How many of you guys on PT DIY camo on your rifles???? I use to wrap my rifles in camo while hunting, but recently have decided to rattle can 'em instead. I started off today by painting my 870 express shotgun, since it is the cheapest thing I have and wouldn't matter if I royally screw it up. It turned out pretty good, I learned alot from the process. I made 3 rookie mistakes, moving the thing too soon after painting twice and not taping off the rubber butt pad, but overall it turned out pretty nice. Better than expected I would say. I'm waiting for it to dry good before re-assembly then I will post pics here. I used a combo of net and local leaves for the pattern. Anyways, Lets see some of your DIY projects, I am very interesting in the patterns other people are getting and what they are using for stencils. Hopefully pics will be up in the next 24 hrs.


----------



## 22magnum (Feb 10, 2013)

Sent from my SGH-T889 using Tapatalk


----------



## Rediculous (Oct 16, 2013)

This is it


----------



## hassell (Feb 9, 2010)

That will do the job.


----------



## dwtrees (Mar 5, 2012)

Only problem I see is you got the towel all dirty and that will make the wife mad. Shotty looks good though.


----------



## Rediculous (Oct 16, 2013)

some details


----------



## Rediculous (Oct 16, 2013)

last one


----------



## Ruger (Jan 22, 2011)

Looks great!!!


----------



## Patty (Dec 11, 2011)

What type of paint did you use on the Barrel and reciever???


----------



## Bigdrowdy1 (Jan 29, 2010)

Looks good from here and besides its not called a screw up it is called base paint.


----------



## Rediculous (Oct 16, 2013)

Patty said:


> What type of paint did you use on the Barrel and reciever???
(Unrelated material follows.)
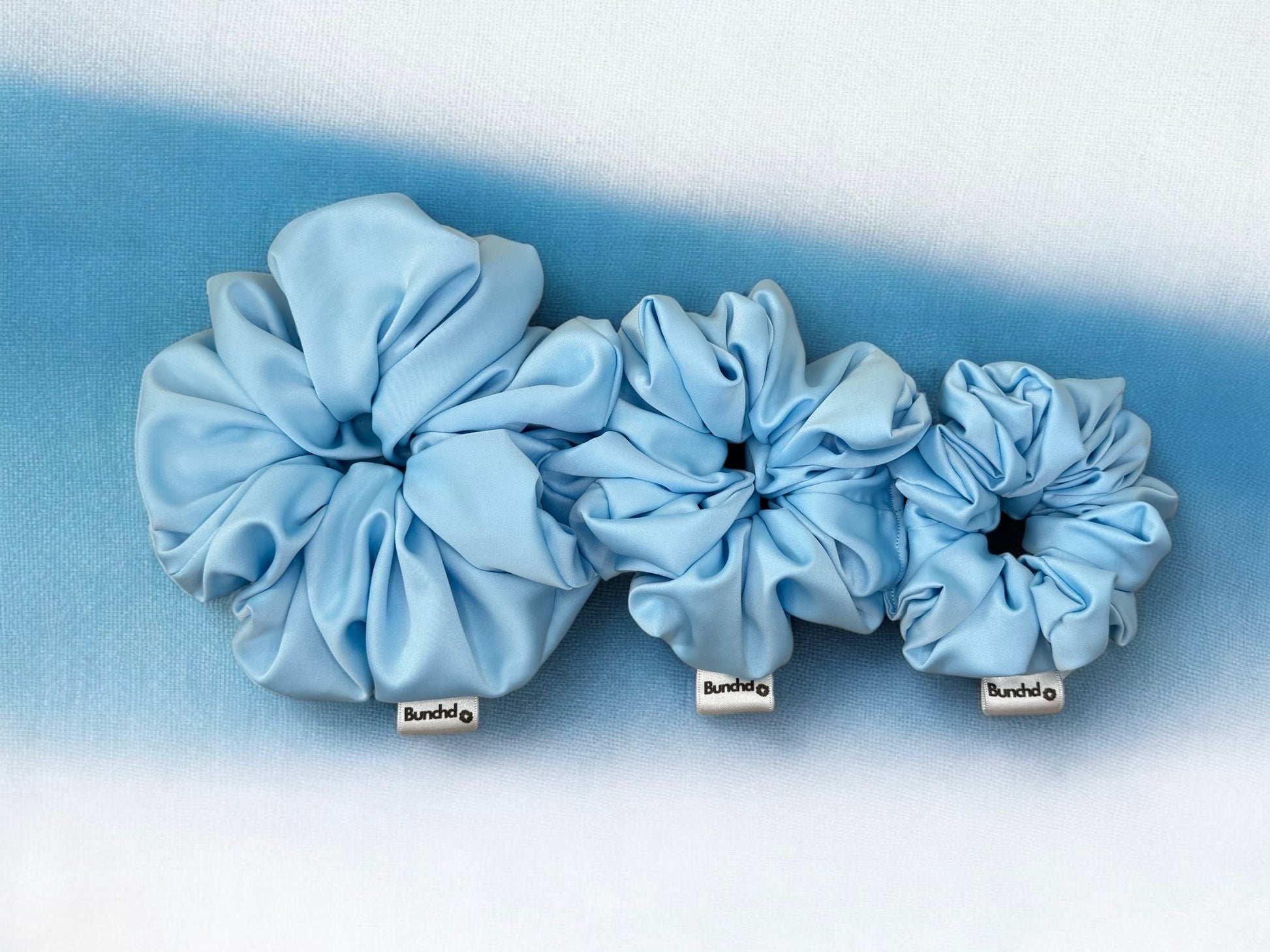 Cool, calm, and effortlessly cute—the Baby Blue Trio Scrunchie Set is your new go-to for everyday hair magic. With Large, Medium, and Midi sizes, you’ve got the perfect scrunchie for any style, from voluminous buns to subtle half-ups. Made with smooth, gentle fabric in a dreamy pastel blue, these scrunchies bring softness to both your strands and your look.

I just used runtoleum camo spray paint and clear coat it over twice with krylon clear coat


----------



## Rediculous (Oct 16, 2013)

Bigdrowdy1 said:


> Looks good from here and besides its not called a screw up it is called base paint.


Yeah thats the big upside to rattle cans, just $3 for a new color...lol


----------



## glenway (Mar 27, 2011)

As good or better than a factory camo job on a Mossberg I used to have. If it chips off, you'll be able to touch it up, too.


----------



## Guest (Mar 11, 2014)

That's some nice lookin camo! Good job!


----------